Certified Deductive Reasoning with Language Models

Language models often achieve higher accuracy when reasoning step-by-step in complex tasks. However, even when arriving at a correct final answer, their rationales are often logically unsound or inconsistent. This is a major issue when reliable reasoning traces are needed, such when fine-tuning on model-generated reasoning for self-improvement. To tackle these issues, we introduce a class of tools for language models called \emph{guides}, that use state and incremental constraints to guide generation. A guide can be invoked by the model to constrain its own generation to a set of valid statements given by the tool. In turn, the model's choices can change the guide's state. We show how a general system for logical reasoning can be used as a guide, which we call \textsc{LogicGuide}. Given a reasoning problem in natural language, a model can formalize its assumptions for \textsc{LogicGuide} and guarantee that its step-by-step reasoning is sound. In experiments on PrOntoQA, ProofWriter and Syllogism Validity datasets, \textsc{LogicGuide} significantly improves the performance of GPT-3, GPT-3.5 Turbo and LLaMA (accuracy gains up to 35\%), while drastically reducing \emph{content effects} -- the interference between unwanted prior assumptions and reasoning, which humans and language models suffer from. We then explore bootstrapping GPT-3.5 Turbo and LLaMA using their own reasoning traces. We find that LogicGuide is critical: by training only on certified self-generated reasoning, models can self-improve, avoiding learning from their own hallucinations. Moreover, bootstrapped models enjoy significant boosts on ReClor, a challenging real-world reasoning dataset, even when not relying on formalization at inference time.

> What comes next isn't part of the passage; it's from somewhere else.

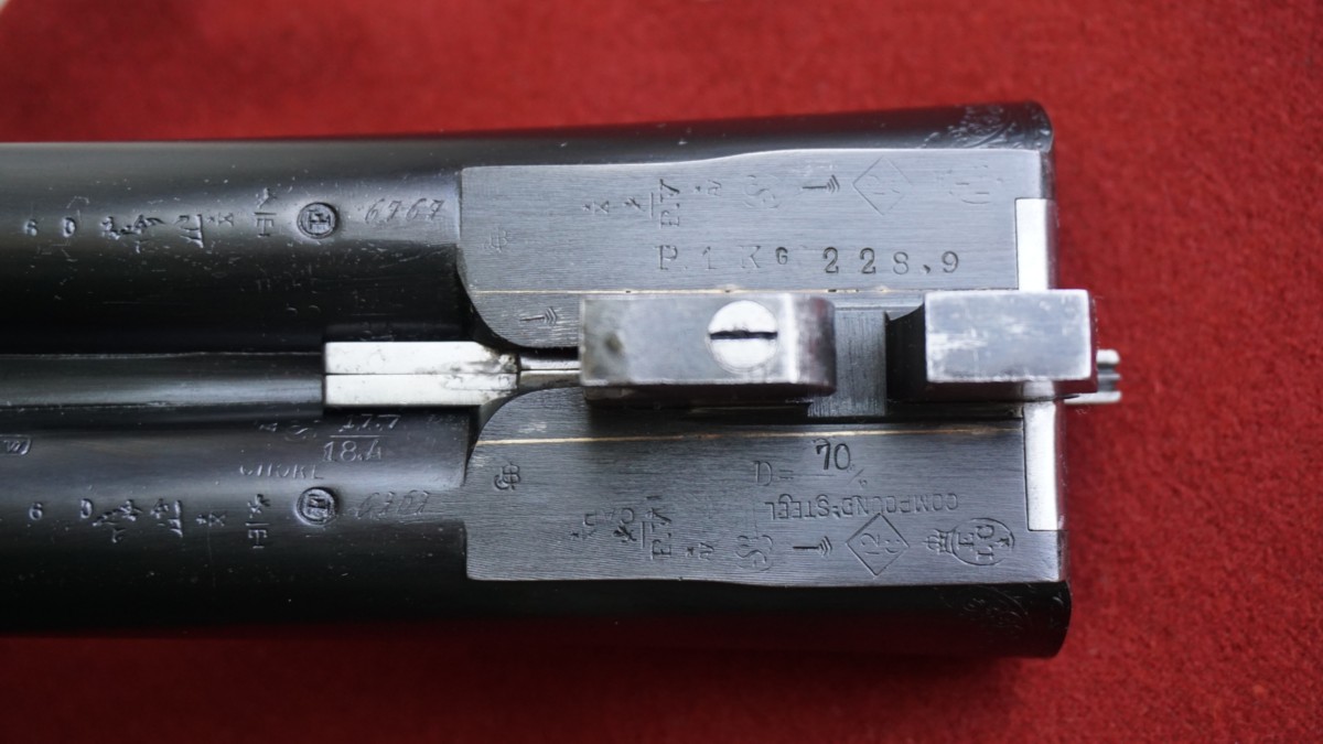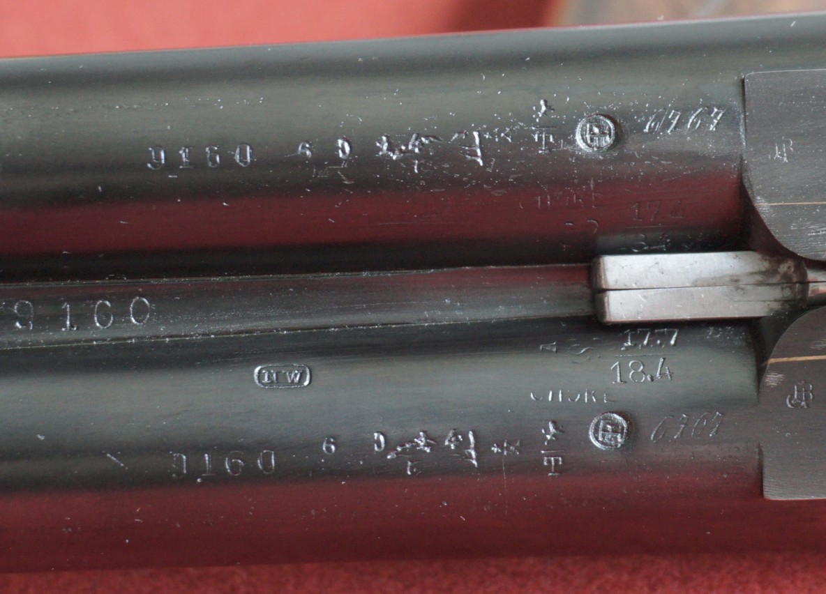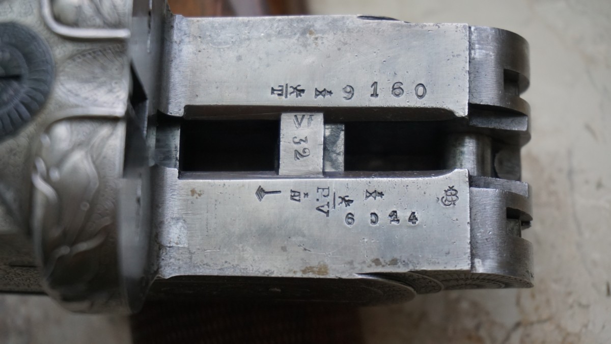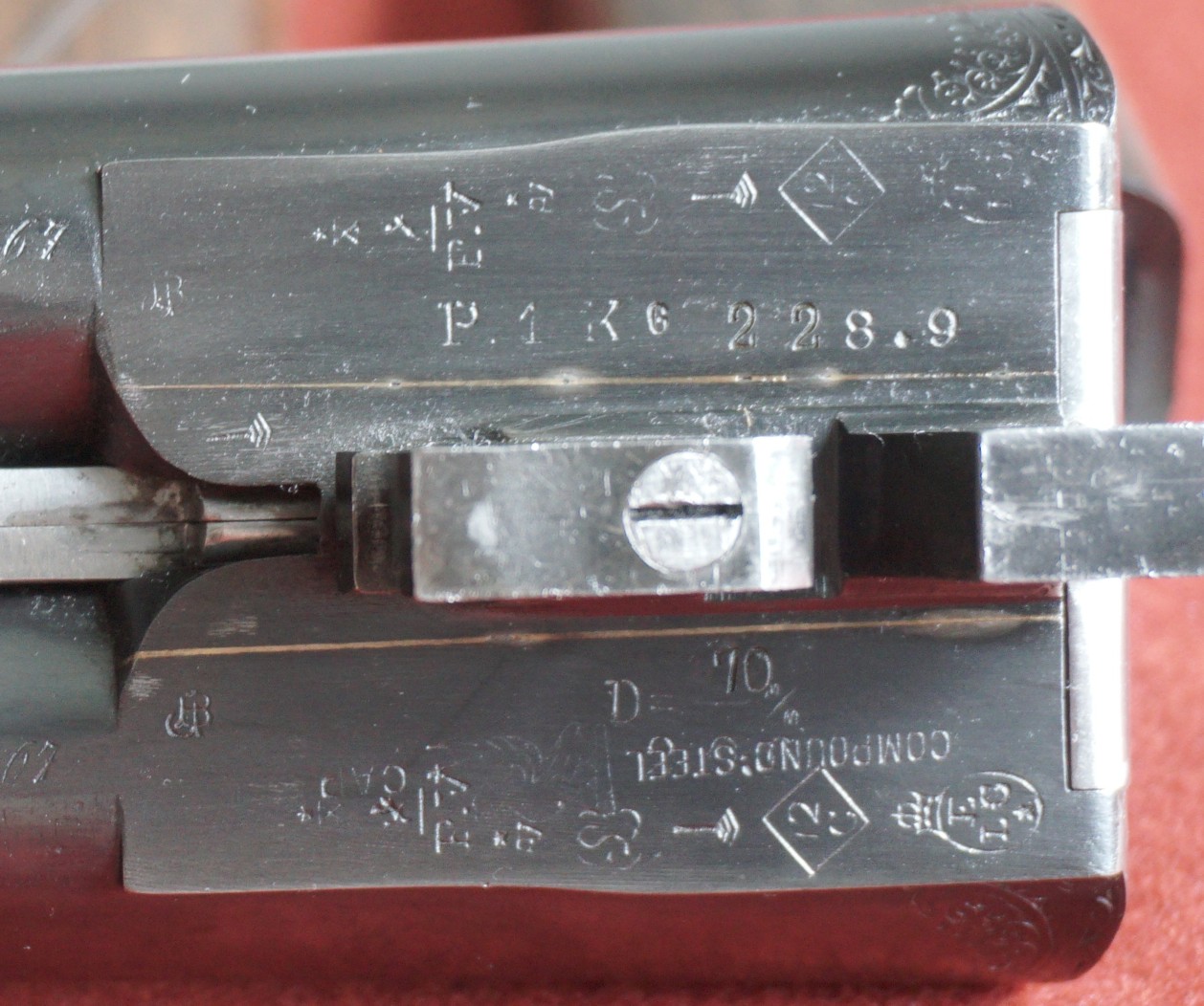 Two marks (interlaced JB) struck the weapon belong to the General Manufactory of firearms Joseph BERTRAND street of Bassenge, 39 in LIEGE then since 1924 street Etienne Soubre, 3 in Liege.

翻译：语言模型在复杂任务中通过逐步推理常能取得更高准确率，但其推理过程往往存在逻辑不严谨或不一致的问题——即使最终答案正确，这一缺陷在需要可靠推理轨迹的场景（如基于模型自生成推理进行自我改进的微调）中尤为突出。为解决这些问题，我们提出一类名为"引导器"（guides）的语言模型工具，通过状态约束与增量约束引导生成过程。模型可主动调用引导器，将自身生成内容约束在工具提供的有效陈述集合内；同时，模型的选择也能改变引导器的状态。我们展示了如何将通用逻辑推理系统（称为LogicGuide）作为引导器：针对自然语言描述的推理问题，模型可为LogicGuide形式化其假设，从而保证逐步推理的严密性。在PrOntoQA、ProofWriter与Syllogism Validity数据集上的实验表明，LogicGuide显著提升了GPT-3、GPT-3.5 Turbo及LLaMA的性能（准确率最高提升35%），同时大幅削弱了人类与语言模型共有的"内容效应"——即非预期先验假设对推理的干扰。我们进一步探索了利用GPT-3.5 Turbo与LLaMA自身推理轨迹进行自举训练的方法，发现LogicGuide至关重要：仅基于经过认证的自生成推理进行训练，模型即可实现自我改进，避免从自身幻觉中学习。此外，经过自举训练的模型在挑战性现实推理数据集ReClor上取得了显著性能提升，即使推理时不依赖形式化约束也表现优异。